3.3. Data Collection Process: Privacy Leakage
4. ML Scoring Extension
4.1. ML Scoring Extension Modules
- External gateways: These entry/access gates to the main ML scoring extension system receive requests and forward them to the integration module in a standardized message. An important aspect is the state of today’s IT and technological structure, which obliges new systems to adapt to those already operating in the organization. New systems with additional functionality are implemented without disturbing the current structure. This is because of the value of old (often considered obsolete) systems that are stable, efficient, and free from critical bugs. Their development and modernization would be costly, risky, and time-consuming. The external gateways module is of key importance for us in future work, because we will analyze login operations and financial operations that we will directly connect with central systems. This will enable us to parallelize and accelerate the issuing of decisions for the organization’s main antifraud system.

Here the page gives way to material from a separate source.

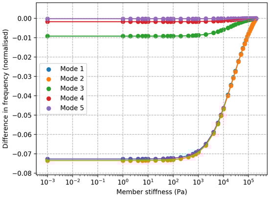 The bolts are not specifically modelled, so instead, the stiffness of the node at the location of the bolted joint is reduced. In this model, stiffness is reduced from its original value down to nearly 0, though this range is just for the sake of exploration and not necessarily realistic, as described in Section 4.4. The change in frequency for the modes is shown in Figure 15. The largest change is in the frequencies for modes 1 and 2—these are both tower modes. This change in stiffness has almost no change on the mode shapes, the MAC values for modes 1 and 2 only reduce to a minimum of 0.999. The damage index is similarly not much changed, only going as high as 0.11 for the minimum stiffness. This is investigated further by taking the lowest stiffness case and applying a change in nacelle direction, as discussed in Section 4.4. The results from changing direction are very much like the undamaged case, except that the first and second mode frequencies are shifted down by the amount shown in Figure 15. As discussed in Section 4.4, the effect of loosened bolts would not be apparent as a gradual change but rather appearing to suddenly change between ‘intact’ and ‘damaged’, depending on the load at the time and if it exceeds the clamping strength.

- Integration module: In mature organizations, the supplier is responsible for the implementation of new software. It is their duty to integrate their system with the existing one. The exceptions are fintech/startup companies that most often order a SAAS service, in which the organization is responsible for the integration. The integration module receives as-is information from the input gates and then converts these data into the internal ML scoring extension structures. As such, the mentioned part of the software, in a standardized manner, polls the internal API ML scoring extension. In real implementations, the integration module is custom and cannot be a ready made as a universal “box”.
- External API: This in a system access module that can be used if the organization can or wants to integrate with external software. The benefit for the organization when using the external API for external gateways is that the data it uses and the services it queries are already in the well-known ML scoring extension format. As such, we ignore the loss of performance in the transformation between different formats and simplify the physical architecture of the solution. The external API issues access using modern technologies using REST API (NodeJS) and AMQP (RabbitMQ). The external API, in calling the Internet API, creates an abstraction layer that clearly separates the core from the implemented systems. This results in the possibility of controlling permissions (the list of ML scoring extension services available for individual internal systems of the organization may be different) and additional verification of the entered data.

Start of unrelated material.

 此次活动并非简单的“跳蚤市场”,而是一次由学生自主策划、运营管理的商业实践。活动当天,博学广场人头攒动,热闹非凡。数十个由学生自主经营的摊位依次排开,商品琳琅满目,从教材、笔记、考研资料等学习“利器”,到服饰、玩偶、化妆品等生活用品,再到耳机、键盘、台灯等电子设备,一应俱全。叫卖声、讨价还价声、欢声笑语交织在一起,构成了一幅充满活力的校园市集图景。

- Internal API: This is the internal system API. Services have a specific scheme using OpenApi. Owing to the standardization, each internal module of the system coherently communicates with the core module. The Internal API orchestrates core services, completes missing data from various services, and creates more complex core requests.

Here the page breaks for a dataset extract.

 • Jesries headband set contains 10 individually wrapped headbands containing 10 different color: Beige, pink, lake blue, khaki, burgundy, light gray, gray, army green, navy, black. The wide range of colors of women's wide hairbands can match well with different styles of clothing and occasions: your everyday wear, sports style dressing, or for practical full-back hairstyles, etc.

- Core: the main module of the system, written in the CPP language. The core maintains journal operations and executes and controls asynchronous recursive operations. A load balancer for services is built in due to the possibility of each module working in several instances. The core functionality also includes acting as a router for services. The request received from the internal API redirects to the appropriate module.
- Reporting module: the module used to generate daily and periodic reports. It allows the issuing of a service that generates any report upon request. It has a dedicated, separate database so that the creation of reports does not interfere with the operation of the entire system.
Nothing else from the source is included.